— DATA FOR THE TASK —
※

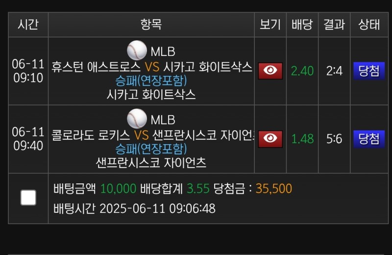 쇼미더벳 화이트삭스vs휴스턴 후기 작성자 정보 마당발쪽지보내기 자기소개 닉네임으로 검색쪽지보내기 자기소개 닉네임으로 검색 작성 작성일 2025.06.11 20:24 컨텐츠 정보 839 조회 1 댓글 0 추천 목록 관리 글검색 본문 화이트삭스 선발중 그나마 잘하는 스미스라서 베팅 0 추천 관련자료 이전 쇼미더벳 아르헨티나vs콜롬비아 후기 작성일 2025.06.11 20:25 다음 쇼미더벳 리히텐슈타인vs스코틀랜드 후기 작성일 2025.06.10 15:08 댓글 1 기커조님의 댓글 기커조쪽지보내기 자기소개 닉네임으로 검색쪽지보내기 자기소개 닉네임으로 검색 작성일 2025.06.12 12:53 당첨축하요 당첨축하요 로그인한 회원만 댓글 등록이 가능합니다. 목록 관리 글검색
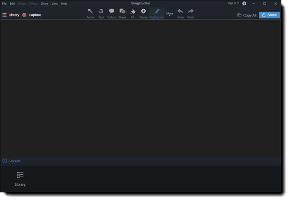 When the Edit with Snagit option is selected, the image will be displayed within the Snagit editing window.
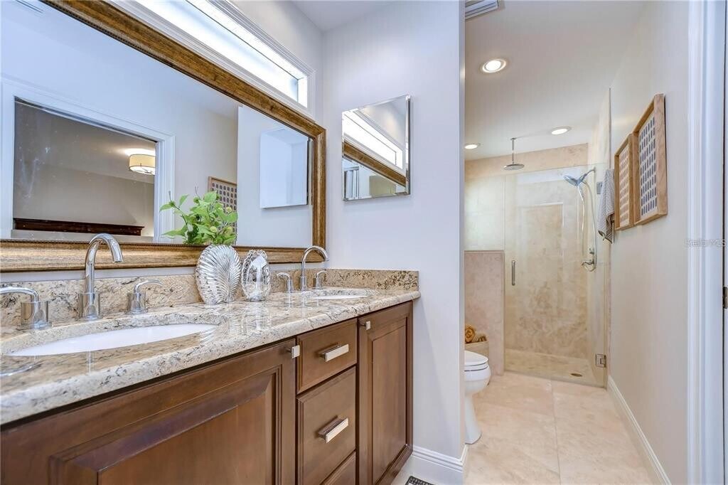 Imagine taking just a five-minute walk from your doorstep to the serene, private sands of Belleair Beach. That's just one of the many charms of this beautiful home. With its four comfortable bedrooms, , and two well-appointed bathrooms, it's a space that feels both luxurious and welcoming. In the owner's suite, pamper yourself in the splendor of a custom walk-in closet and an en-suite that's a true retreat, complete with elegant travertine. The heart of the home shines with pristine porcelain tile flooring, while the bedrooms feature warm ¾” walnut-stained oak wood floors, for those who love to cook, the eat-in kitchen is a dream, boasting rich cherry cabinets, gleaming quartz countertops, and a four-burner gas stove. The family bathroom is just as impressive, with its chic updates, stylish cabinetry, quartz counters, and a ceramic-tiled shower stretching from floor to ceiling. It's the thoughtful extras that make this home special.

※

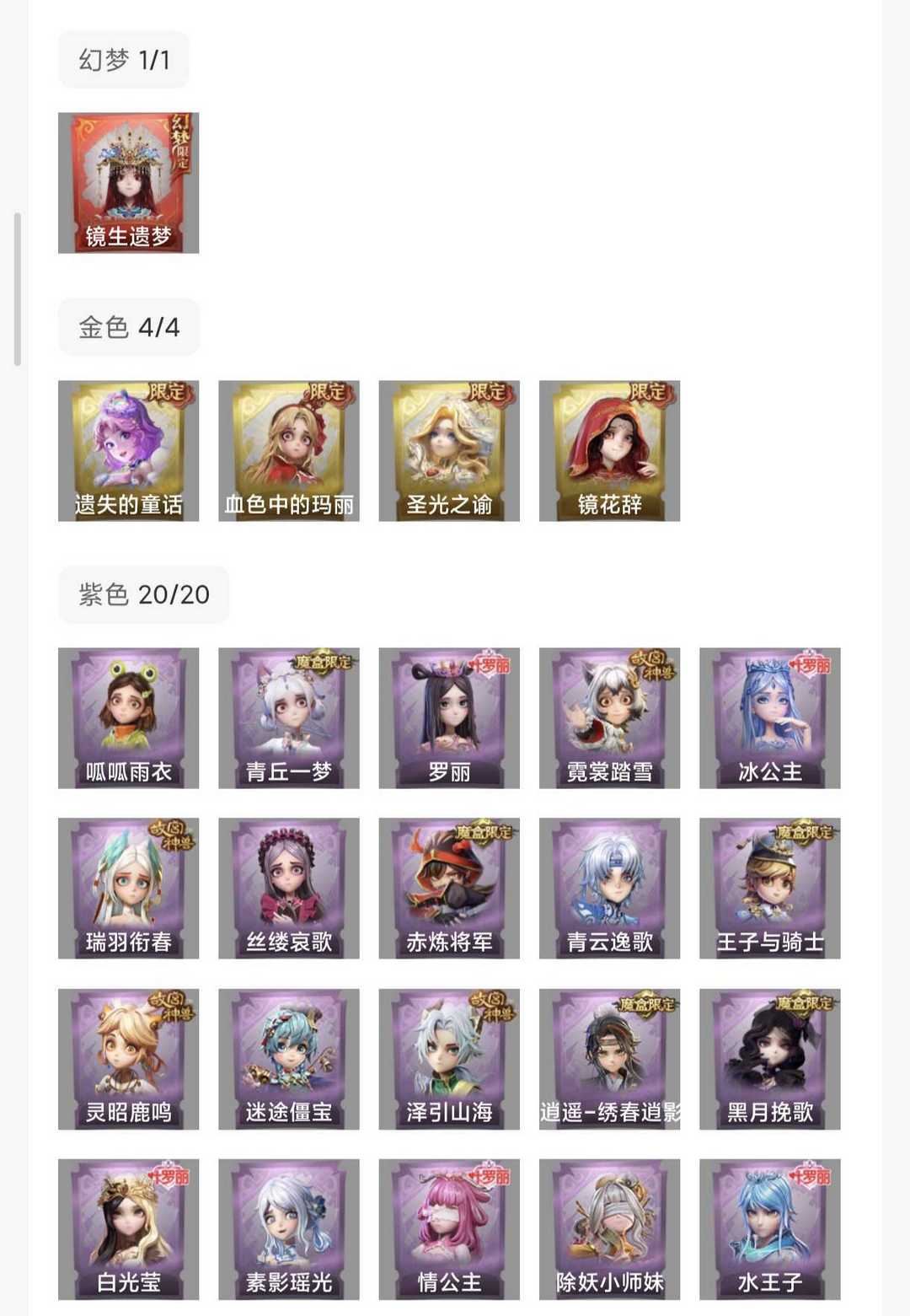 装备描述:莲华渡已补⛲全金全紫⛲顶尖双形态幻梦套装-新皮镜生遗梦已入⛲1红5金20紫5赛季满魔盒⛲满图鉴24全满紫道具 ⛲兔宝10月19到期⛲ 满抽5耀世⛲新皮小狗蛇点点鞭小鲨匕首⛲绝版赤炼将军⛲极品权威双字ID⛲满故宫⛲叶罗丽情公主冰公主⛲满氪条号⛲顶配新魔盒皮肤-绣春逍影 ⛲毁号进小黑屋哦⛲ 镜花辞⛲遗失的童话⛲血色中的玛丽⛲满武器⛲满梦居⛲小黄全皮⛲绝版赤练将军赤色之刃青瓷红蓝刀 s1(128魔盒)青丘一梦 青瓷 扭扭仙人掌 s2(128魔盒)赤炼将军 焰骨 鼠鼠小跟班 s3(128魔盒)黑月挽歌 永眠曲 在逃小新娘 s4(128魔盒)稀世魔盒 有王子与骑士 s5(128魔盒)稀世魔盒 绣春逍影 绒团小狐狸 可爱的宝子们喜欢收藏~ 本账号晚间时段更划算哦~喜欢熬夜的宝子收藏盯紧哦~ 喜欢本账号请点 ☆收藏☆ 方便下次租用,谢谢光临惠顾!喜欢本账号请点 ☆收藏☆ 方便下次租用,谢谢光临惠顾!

※

— PROBLEM TO SOLVE —
What is wanted is an exact copy of the lines above from the one containing "When the Edit" through the one containing "Imagine taking just", with no pictures in it.

— SOLUTION —
 When the Edit with Snagit option is selected, the image will be displayed within the Snagit editing window.
 Imagine taking just a five-minute walk from your doorstep to the serene, private sands of Belleair Beach. That's just one of the many charms of this beautiful home. With its four comfortable bedrooms, , and two well-appointed bathrooms, it's a space that feels both luxurious and welcoming. In the owner's suite, pamper yourself in the splendor of a custom walk-in closet and an en-suite that's a true retreat, complete with elegant travertine. The heart of the home shines with pristine porcelain tile flooring, while the bedrooms feature warm ¾” walnut-stained oak wood floors, for those who love to cook, the eat-in kitchen is a dream, boasting rich cherry cabinets, gleaming quartz countertops, and a four-burner gas stove. The family bathroom is just as impressive, with its chic updates, stylish cabinetry, quartz counters, and a ceramic-tiled shower stretching from floor to ceiling. It's the thoughtful extras that make this home special.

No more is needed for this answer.